By Michael Hooper
Union Pacific (NYSE: UNP) needs new leadership. Union Pacific recently announced it plans to replace CEO Lance Fritz. The announcement on Sunday, Feb. 26, 2023, follows a Wall Street Journal report citing a hedge fund's call for his replacement.
Soraban Capital Partners says that under Fritz, UNP employees are disgruntled. Among all S&P 500 companies, UNP is rated by employees as the worst place to work, and has the lowest employee CEO approval rating. The company is not delivering on its commitment to customers, and the Surface Transportation Board has singled out UNP as providing the worst service among Class 1 railroads.
Union Pacific has around 32,000 employees, including about 800 employees in Kansas where it maintains about 2,199 miles of track.
One of the disturbing trends of Union Pacific is using debt to re-purchase shares and pay dividends while ignoring the needs of customers and employees.
Union Pacific easily makes enough money to cover its dividend, but has been re-purchasing shares at a significant rate, resulting in the need to borrow money.
Long-term debt at Union Pacific has grown from $15.6 billion in September 2016 to $33.3 billion on Dec. 31, 2022, essentially doubling the debt during that time. But -- and this is huge -- total carloads/intermodal traffic actually declined from 9 million in 2015 to 8 million in 2022.
Yet Union Pacific continues to re-purchase shares and has announced a new share repurchase program with authorization to re-purchase up to 100 million common shares through March 31, 2025. Under this new program the company could reduce share count by a whopping 16%.
However, share repurchases essentially benefit only shareholders of the stock, i.e. Wall Street. This form of using capital does not benefit customers, it does not benefit employees unless they own the stock, and it also doesn’t benefit the rail network. A better way to grow a company is to build organic growth in the business, using capital in strategic places that will benefit customers and the network. There have been times in the past few years that Union Pacific has turned away business because it did not have the employees or equipment in order to serve these customers.
In April 2022, Pilot Flying J CEO Shameek Konar said Union Pacific informed Flying J to reduce diesel rail shipments by 26%, then in subsequent conversations with the railroad, Union Pacific asked them to reduce rail shipments by another 50% or face embargoes. Essentially Union Pacific was turning away business because it could not handle it.
Railroads cut employees too deep while lengthening their trains from 1 mile to 2 miles. So you have more cars on the track with fewer people looking after them. As a result you get situations like what happened in Ohio with Norfolk Southern, a disaster that will have health and environmental consequences for years to come.
Borrowing money in order to buy back shares is going to cost more money because interest rates have been rising over the past year. This strategy will be crippling to the business if we have a recession and earnings decline. You can’t continually raise prices in order to grow earnings. Shippers will look elsewhere for moving their freight.
I hope the next CEO improves the balance sheet and puts capital into growth markets, and looks for ways to increase safety, morale, and ensure the franchise grows in book value and market value at the same time. Earnings will grow as a result of all these other measures over time. Don’t grow value by buying back shares.
Union Pacific released a press release on Feb. 26, saying under Fritz's leadership, the company has achieved a 52% increase in net income, a 27% increase in operating income and a 3.7 point increase in return on invested capital. Fritz guided the company to achieve this financial growth despite the volatile operating environment spurred by the COVID-19 pandemic, global supply chain disruption, labor negotiations and service and labor challenges, while instilling an inclusive and accountable organization with an industry-leading sustainability program.
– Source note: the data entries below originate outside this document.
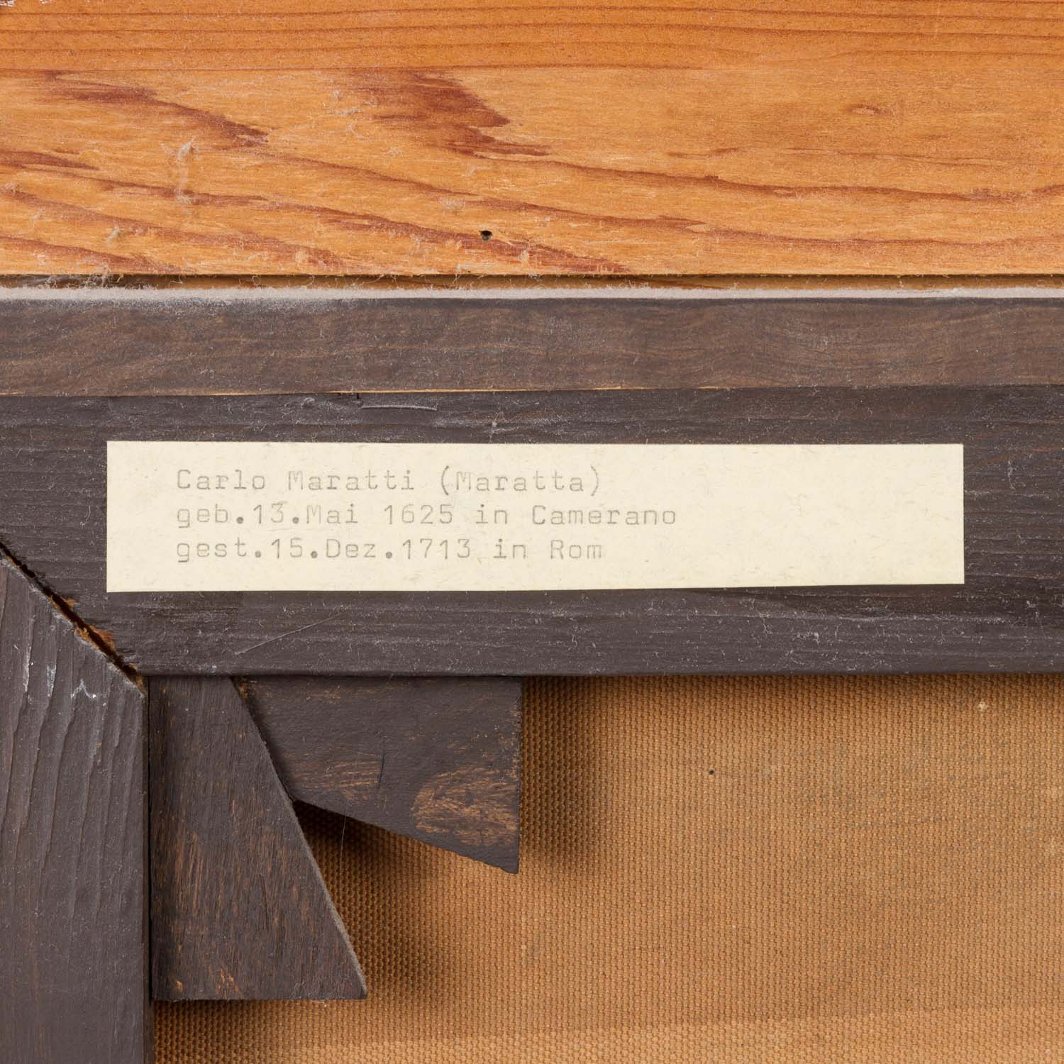 MARATTI, Carlo, ATTRIBUIERT (also Maratta, 1625-1713) "Madonna" Oil on canvas, photocopy of an expert opinion from 1930: "Verdict on the Madonna painting by Carlo Maratta 1625-1710...... owned by the Eickhoff-Bochum family" HxW: 63/49 cm. Frame, relined, restored and retouched, craquelure.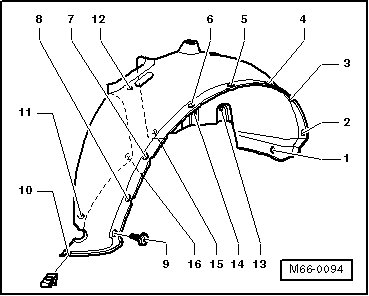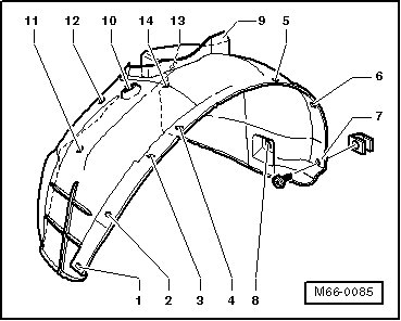 - Remove bolts - 3 -(14x) and nut- 2 - and remove wheel housing liner.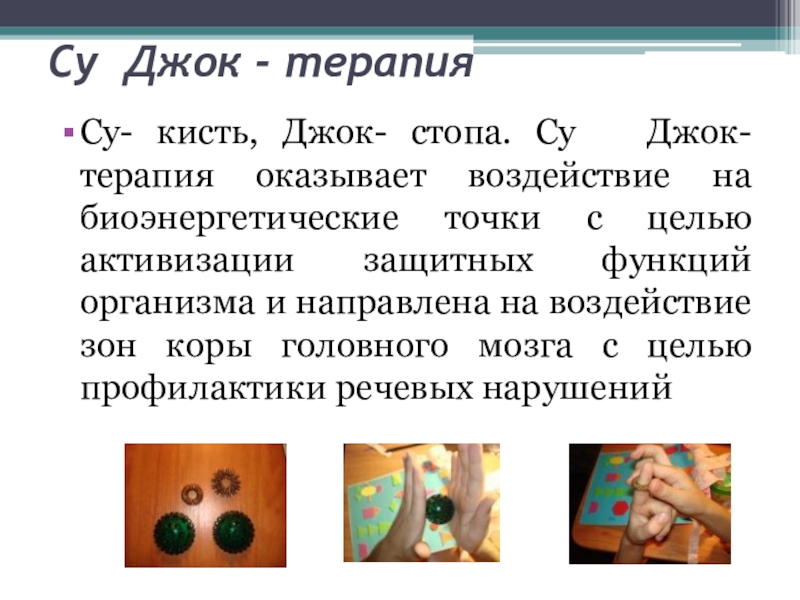 Су Джок - терапия Су- кисть, Джок- стопа. Су  Джок- терапия оказывает воздействие на биоэнергетические точки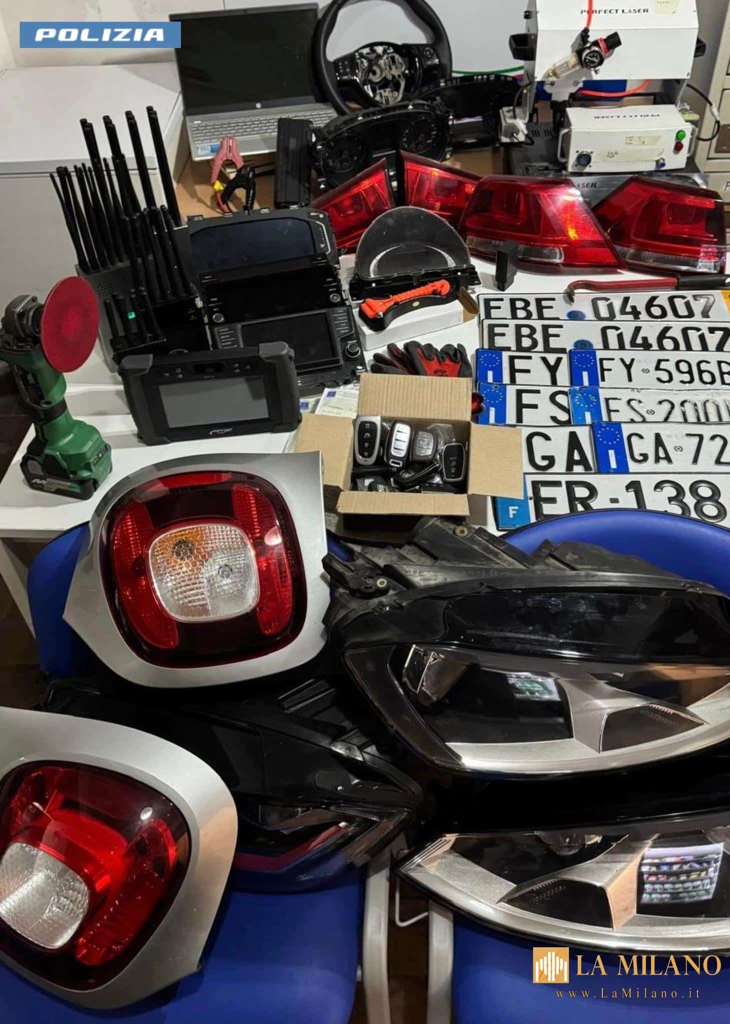 italiane ed estere da applicare per rimettere in circolo le autovetture rubate, oltre a gruppi ottici di autovetture, specchietti retrovisori, volanti ed altri accessori automobilistici.

“The Board is grateful to Lance for his unwavering leadership, dedication and oversight in driving our company forward over the last eight years as CEO. Lance created an environment that has allowed Union Pacific to make a measurable impact with our customers, communities and employees alike,” said Michael McCarthy, Lead Independent Director of the Board. “He has capably led our company during a time of significant challenge and change, positioning Union Pacific to deliver long-term sustainable value for shareholders and customers. We are immensely grateful to have Lance’s continuing leadership and support and know he will ensure a smooth transition.”
“It is my honor and privilege to serve this great company. I am proud of our team and all we have built together,” said Fritz, Union Pacific Chairman, President and Chief Executive Officer. “I’ve always said that our fundamentals for long-term success are powered by our people – our best-in-class employees and the passion they have for our customers and communities. Union Pacific has embarked on a transformative journey that will result in stronger, more consistent service for our customers, with enhanced earnings growth and value creation for our shareholders. Union Pacific has been my home for 22 years and I am confident that now is the right time for Union Pacific’s next leader to take the helm. I look forward to working with the Board as we identify our next CEO to lead the Company into the future.”
Michael Hooper, editor of Thoughtful Investor, owns shares in Union Pacific (UNP).